Ernst & Young LLP will pay $10 million to settle a regulatory investigation into allegations that it improperly obtained confidential information in pursuit of a contract to audit a public company’s books.

The Securities and Exchange Commission also fined four accountants allegedly involved in the misconduct: an Ernst & Young partner, two retired partners and a former chief accounting officer of the unnamed client company who shared the competitive information with them, according to the agency. The four accountants were all suspended from reviewing the financial statements of public companies for periods ranging from one to three years.

Ernst & Young and the four accountants agreed to settle the SEC’s claims without admitting or denying misconduct.

The SEC’s settlement order didn’t name the audit client. But William G. Stiehl, the former chief accounting officer, worked in that role for Sealed Air Corp. until he was terminated in June 2019, according to a regulatory filing made by the company. The Wall Street Journal reported in February 2020 that the SEC and federal prosecutors were probing concerns that Mr. Stiehl rigged the competition to help Ernst & Young win Sealed Air’s multimillion-dollar audit contract.

The SEC’s investigation described frequent contacts between Mr. Stiehl and the audit partners.
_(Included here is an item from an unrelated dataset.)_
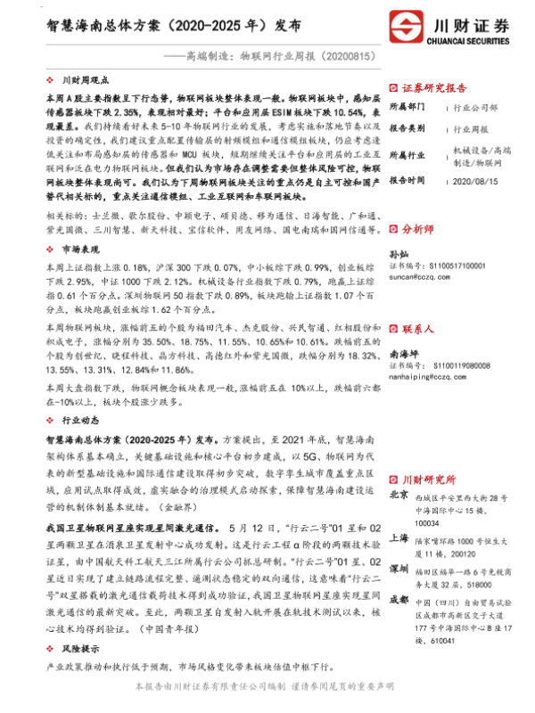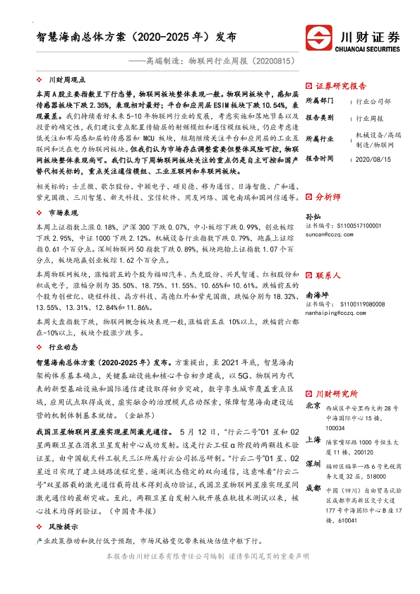 【川财证券】【20200815】高端制造:物联网行业周报:智慧海南总体方案(2020-2025年)发布-18页
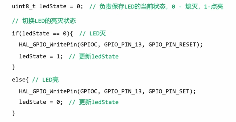 需要达到的效果是,按下按钮的时候led状态保持不变,抬起按钮瞬间,led切换亮灭状态,因此,应该把切换led亮灭的代码写在else里面。使用led_state保持led当前状态,0表示熄灭,1表示点亮。如果当前led点亮,就熄灭,并更新led_state的值,如果led熄灭,就点亮,也更新led_state的值。

Late in the bidding process, when Ernst & Young was a finalist for the work along with another accounting firm, Mr. Stiehl attended an NFL game in Ernst & Young’s suite in Charlotte, N.C., according to the SEC.

“Auditor independence is not merely an obstacle to overcome, it is the bedrock foundation that supports the integrity, transparency, and reliability of financial reporting,” SEC official Charles Cain said in a statement. “EY and its partners lost sight of this fundamental principle in their pursuit of a new client.”

Attorneys for Ernst & Young and the four accountants declined to comment. A spokesman for Sealed Air didn’t immediately respond to a request for comment.

Ernst & Young said in a statement that the allegations date from a bid that occurred in 2014. The Big Four accounting firm said it is “committed to competing fairly for new business and on the basis of our qualifications and merits.”

Mr. Stiehl, 59 years old, was previously a senior executive at Carlisle Cos., which also used Ernst & Young as its auditor, the Journal reported last year. In that earlier corporate role as well as one other, he had “worked closely” with James Herring, one of the Ernst & Young partners, and came to view him as a “trust advisor,” the SEC said in a settlement order.

When Mr. Stiehl joined Sealed Air in 2013, he began providing Mr. Herring with confidential information about Sealed Air’s efforts to engage a new audit firm, the SEC’s order said. Mr. Stiehl allowed Ernst & Young to help draft portions of his company’s request for proposal before it was released, according to the SEC.

He also gave Ernst & Young the proposals of other accounting firms competing for the work, as well as internal documents prepared for Sealed Air’s audit committee, often before the committee members received them, the SEC said.

In late 2014, after Sealed Air selected Ernst & Young for the work, Mr. Stiehl sent an email to another Ernst & Young partner—a former college roommate—that read: “Back in the family!!!”

Ernst & Young partners characterized the selection as a “$10 million a year annuity which will span across multiple services lines,” the SEC’s order said. An Ernst & Young case study on the effort to get the contract, prepared shortly after the award was made, described its access as a “head start none of the other firms were given,” according to the SEC. The Journal reported last year that KPMG LLP also bid for the Sealed Air audit work.

Mr. Herring, 47, still works at Ernst & Young, according to the SEC and the accounting firm. He agreed to pay $50,000 to settle the SEC’s allegations and agreed to a three-year suspension from auditing public companies.

Mr. Herring shared the information he got from Mr. Stiehl with two other Ernst & Young partners, James A. Young and Curt W. Fochtmann. Mr. Young, who retired last year, is listed in regulatory records as the partner who was in charge of Sealed Air’s audit from 2016 through 2018.

Mr. Young agreed to pay a $25,000 fine and serve a two-year suspension, the SEC said. Mr. Fochtmann, 61, agreed to pay $15,000 and was suspended for at least one year, the SEC said. He also retired from Ernst & Young last year, according to the regulator.

Sealed Air disclosed earlier this year that the U.S. attorney’s office for the Western District of North Carolina had closed its investigation and wouldn’t take action against the company. The packaging company said Monday that SEC officials told the company they wouldn’t recommend enforcement action against it. “Sealed Air is pleased to put this matter behind it,” the company said in a news release.

Sealed Air terminated its relationship with Ernst & Young in August 2019.

Ernst & Young paid $9.3 million in 2016 to settle an earlier SEC investigation of auditor-independence rule violations. That investigation examined conduct from 2012 to 2014 and faulted an Ernst & Young audit partner for maintaining too-cozy ties to senior executives of a client, including giving sports tickets to one of them.